Book Review: Bureaucracy

Wednesday, February 8, 2012

Bureaucracy was written in 1944 by Ludwig von Mises, recognized as a prominent figure in the Austrian school of economics. Mises wrote this book only four years after fleeing Nazi Germany and immigrating to the United States.



In this book, von Mises explains the two types of management: bureaucratic management, which is both inevitable and inherent in government agencies such as the police department; and profit management, which is suitable and efficient in private business. “The capitalist system of production is an economic democracy in which every penny gives a right to vote.

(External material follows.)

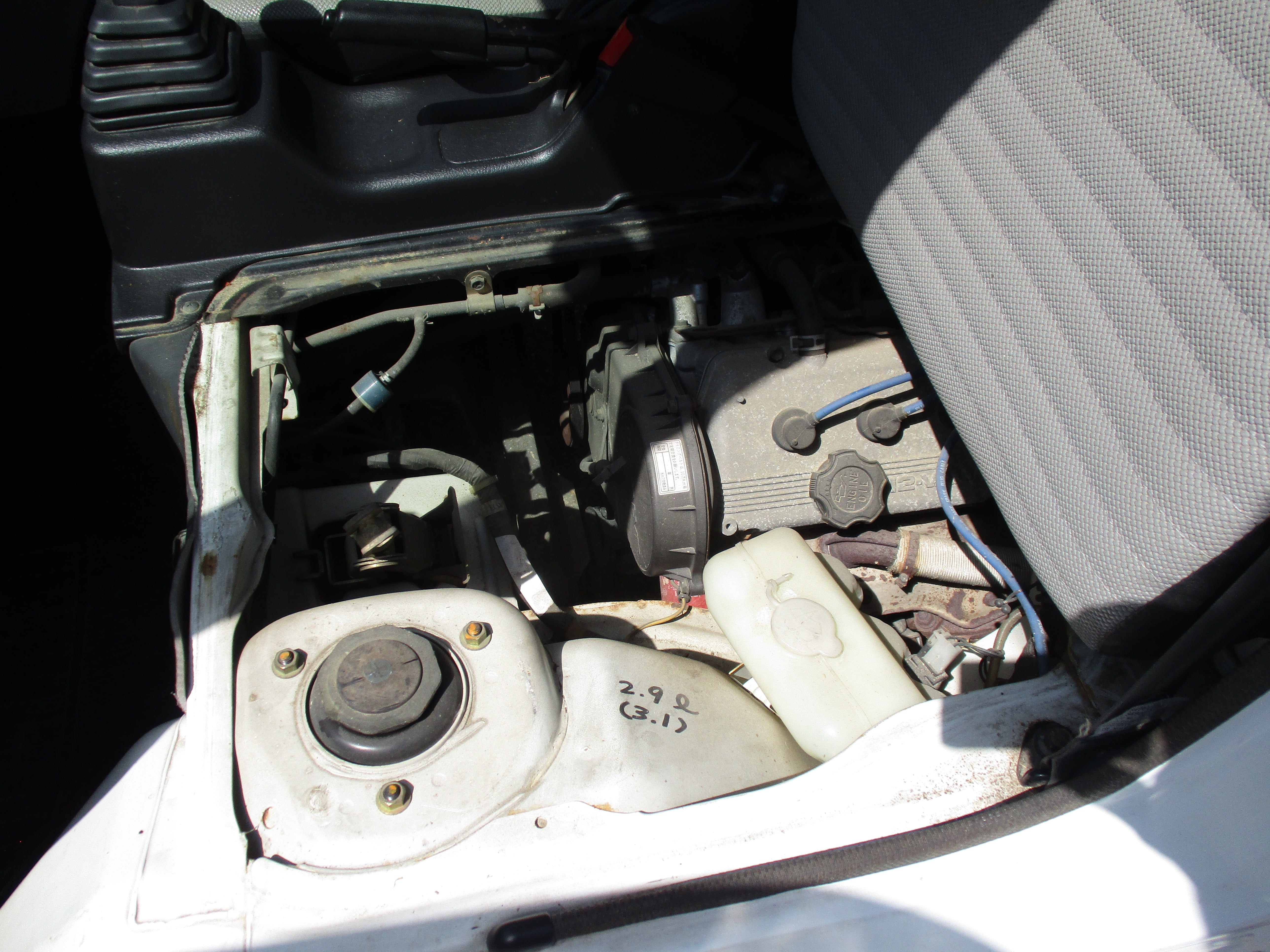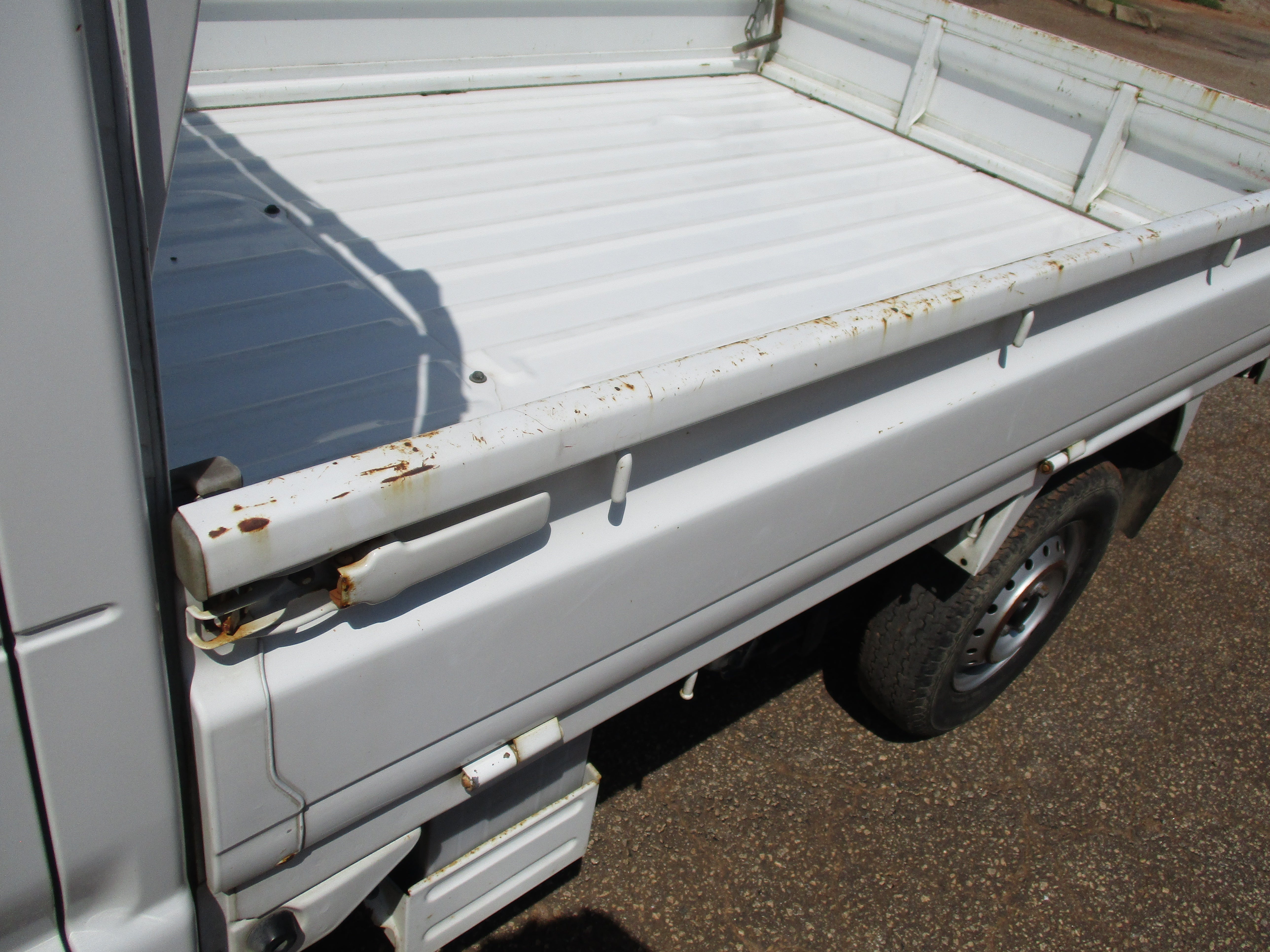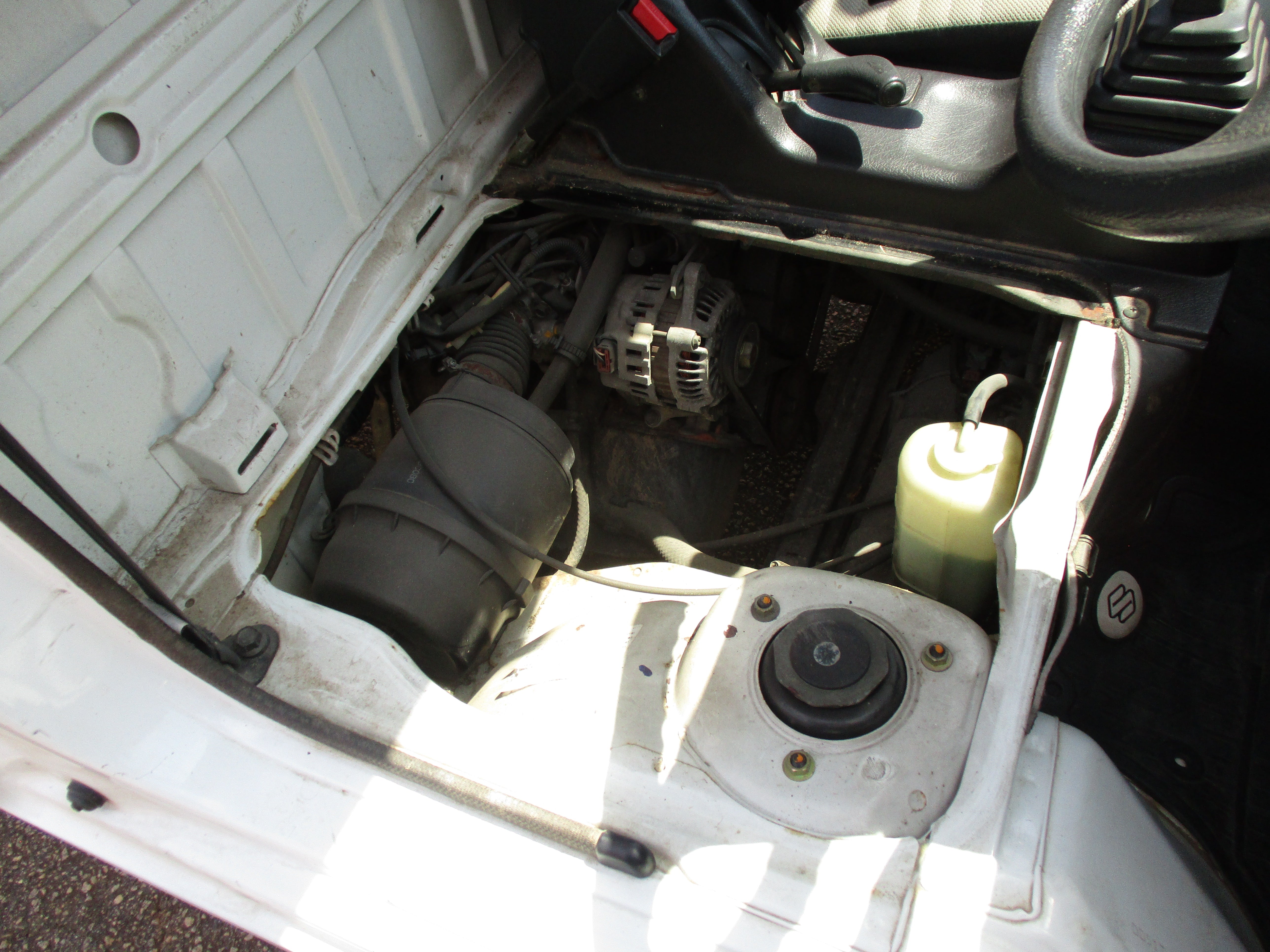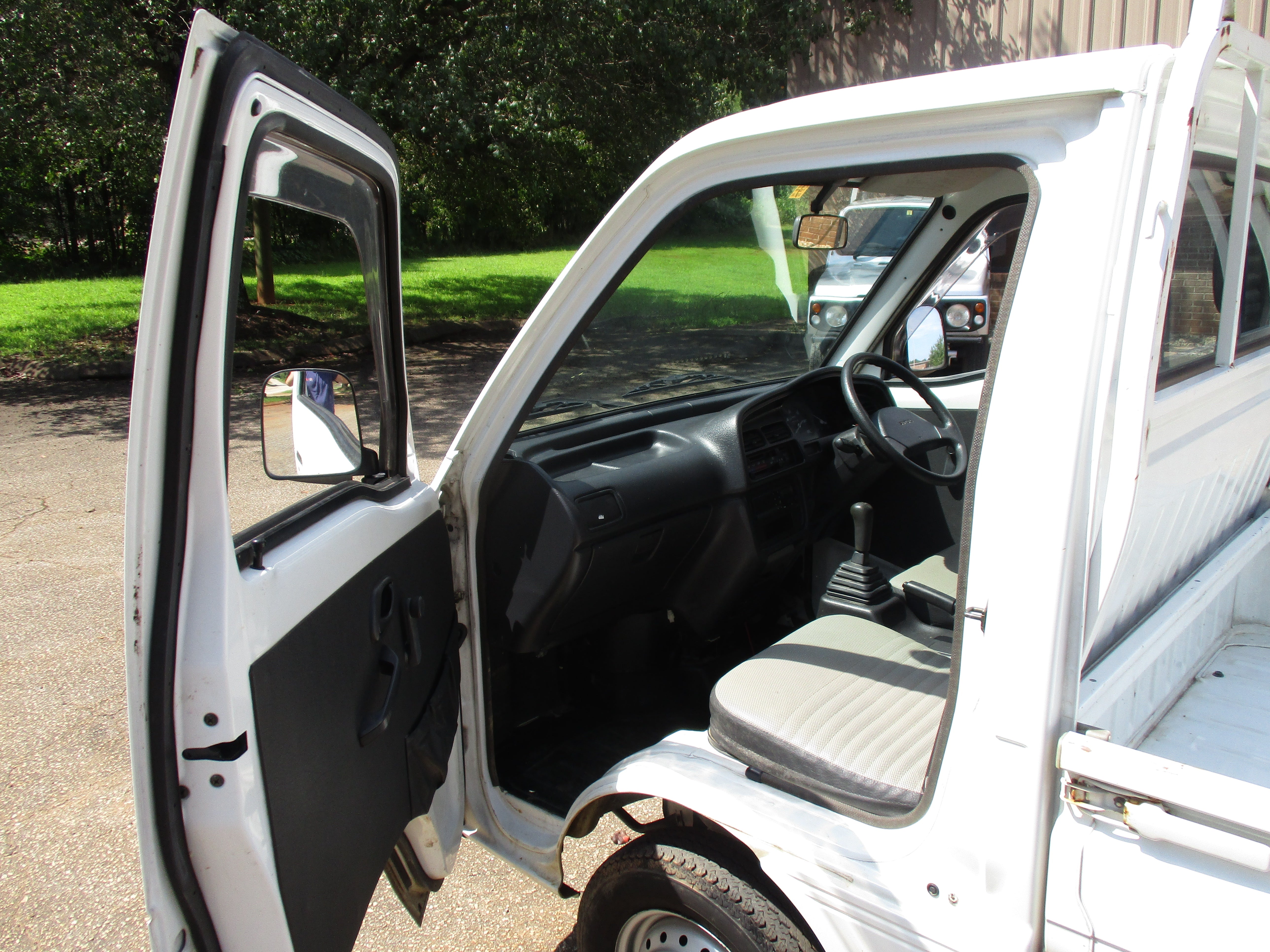 3 Cylinder 660cc engine, 5 Speed Manual Transmission 4WD with rear locking diff button and 2WD/4WD, has a extra low gear, these trucks are great to have especially if you have some property to work on. They're work horses and do not come with AC. Has Heat and everything works

The consumers are the sovereign people” In contrast, the “so-called welfare state is in fact the tyranny of the rulers.” Bureaucracy has always existed in America in the administration of customs and of the foreign service, but what characterizes our time is the “expansion of the sphere of government interference with business and with many other items of the citizenry’s affairs.” And, according to Mises, that is the problem. The government should limit its activities to their proper sphere, including the national defense-- the first duty of government-- and leave businesses and individuals to do what they do best without needless rules and regulations that turn private businesses into bureaucracies.



Bureaucracy in business, Mises explains, is highly un-desirable since “Nobody can be at the same time a correct bureaucrat and an innovator. Progress is precisely that which the rules and regulations did not foresee; it is necessarily outside the field of bureaucratic activities.”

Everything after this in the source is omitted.